The minimum recommended input is v ng of loftier quality total RNA. When using low quality or degraded RNA, or FFPE RNA input, the recommended protocol modifications are outlined in the table below:

Protocol Step Standard Input (>v ng) Low quality / degraded / FFPE Input
Step 2 Incubate for 3 minutes at 85 °C, then cool to 42 °C.
Hold samples at 42 °C on the thermocycler.		 Skip! Set up pre-warmed FS1 / FS2 / E1 mastermix! Place RNA samples at room temperature.
Footstep 3 Set FS2 / E1 mastermix – pre-warm for 2 – 3 minutes at 42 °C. Ready FS1 / FS2 / E1 mastermix – pre-warm for 2 – 3 minutes at 42 °C.
Step 4 Add pre-warmed mastermix to RNA / FS1 samples at 42 °C. Incubate for 15 minutes at 42 °C. Add together pre-warmed mastermix to RNA samples at room temperature.
OPTIONAL: Increase incubation time to 1 hour at 42 °C.
Step half dozen Incubate for 10 minutes at 95 °C. Incubate for x minutes at 95 °C.
Step 17 Add 56 μl of Purification Solution (PS). Reduce volume of Purification Solution (PS) to 48 μl.
Footstep 25 The qPCR assay is strongly recommended when processing samples with:
• Variable input amounts
• Variable RNA quality
• Different or new sample types (e.g., species, tissue, cell type)		 The qPCR assay is strongly recommended for all low input, FFPE / degraded RNA library preps, to foreclose over- or undercycling of the libraries.
Step 29 Add together 36 μl of Purification Beads (PB).
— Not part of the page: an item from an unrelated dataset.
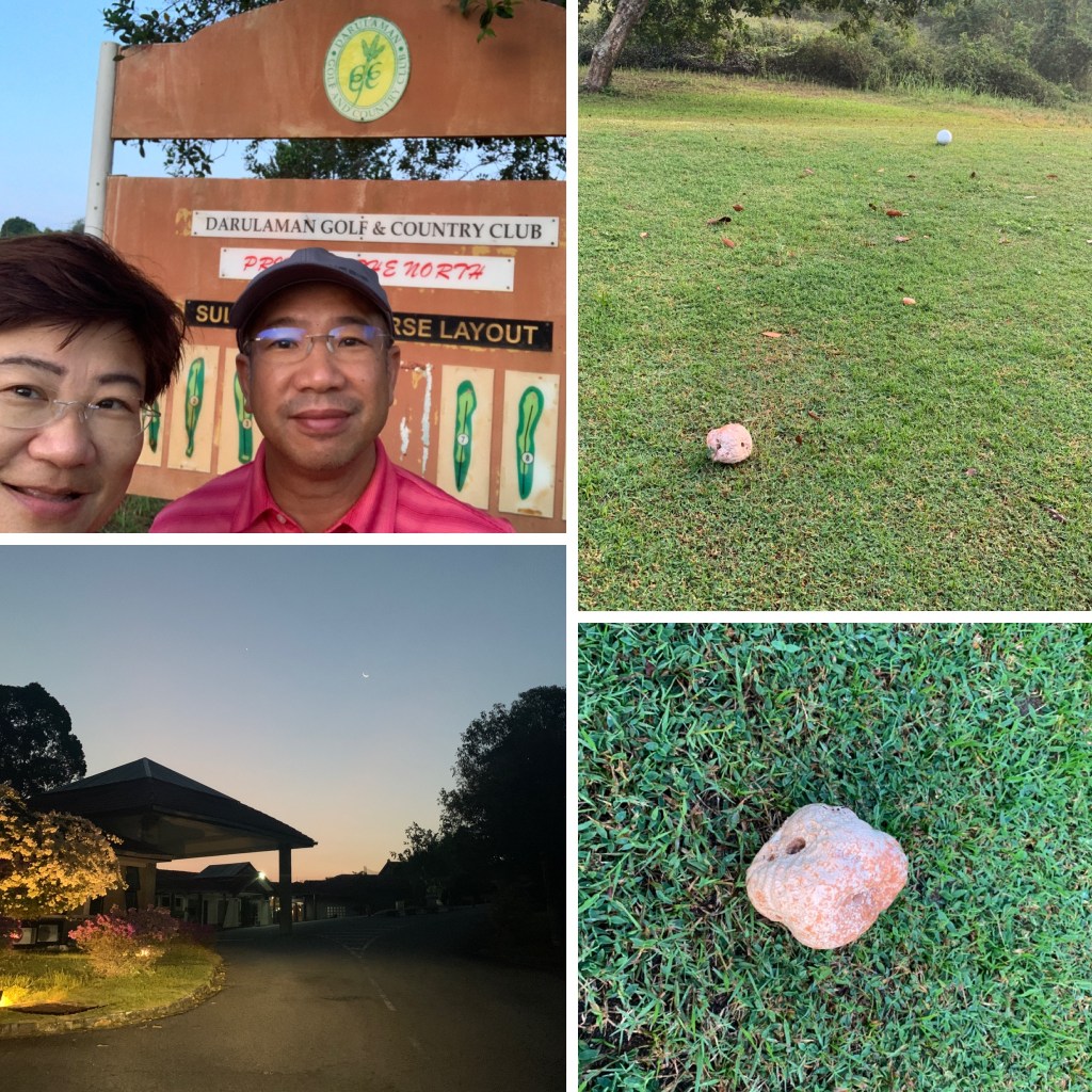 But a trip back to hubby’s hometown is not complete without playing some golf! We managed to play two games. And we had the golf course all to ourselves as there were hardly any other golfers at all. You can tell by the absence of golfers when the tee box has a giant mushroom (in the foreground) as big as the tee box marker (in the background)!

Reduce volume of Purification Beads (Pb) to 30 μl.

A further purification of the lane mix would be appropriate in order to remove all library fragments below 125 bp (inserts smaller than 41 bp). For more than information regarding the input RNA requirements please consult Appendix B (p. 23).
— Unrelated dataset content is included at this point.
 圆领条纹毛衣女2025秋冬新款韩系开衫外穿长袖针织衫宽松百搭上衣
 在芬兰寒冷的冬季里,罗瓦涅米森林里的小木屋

Yes, depression quality and FFPE samples can be used with QuantSeq. Some small protocol modifications are required though. These recommendations are indicated in the table below:
Protocol Step Standard Input (>v ng) Low quality / degraded / FFPE Input
Footstep 2 Incubate for iii minutes at 85 °C, then cool to 42 °C.
Concord samples at 42 °C on the thermocycler.		 Skip! Prepare pre-warmed FS1 / FS2 / E1 mastermix! Place RNA samples at room temperature.
Step 3 Set up FS2 / E1 mastermix – pre-warm for 2 – three minutes at 42 °C. Fix FS1 / FS2 / E1 mastermix – pre-warm for two – 3 minutes at 42 °C.
Step 4 Add pre-warmed mastermix to RNA / FS1 samples at 42 °C. Incubate for xv minutes at 42 °C. Add together pre-warmed mastermix to RNA samples at room temperature.
OPTIONAL: Increase incubation time to 1 hour at 42 °C.
Step 6 Incubate for 10 minutes at 95 °C. Incubate for 10 minutes at 95 °C.
Step 17 Add together 56 μl of Purification Solution (PS). Reduce book of Purification Solution (PS) to 48 μl.
Step 25 The qPCR assay is strongly recommended when processing samples with:
• Variable input amounts
• Variable RNA quality
• Different or new sample types (e.one thousand., species, tissue, cell type)		 The qPCR assay is strongly recommended for all low input, FFPE / degraded RNA library preps, to preclude over- or undercycling of the libraries.
Step 29 Add 36 μl of Purification Beads (PB). Reduce book of Purification Chaplet (PB) to xxx μl.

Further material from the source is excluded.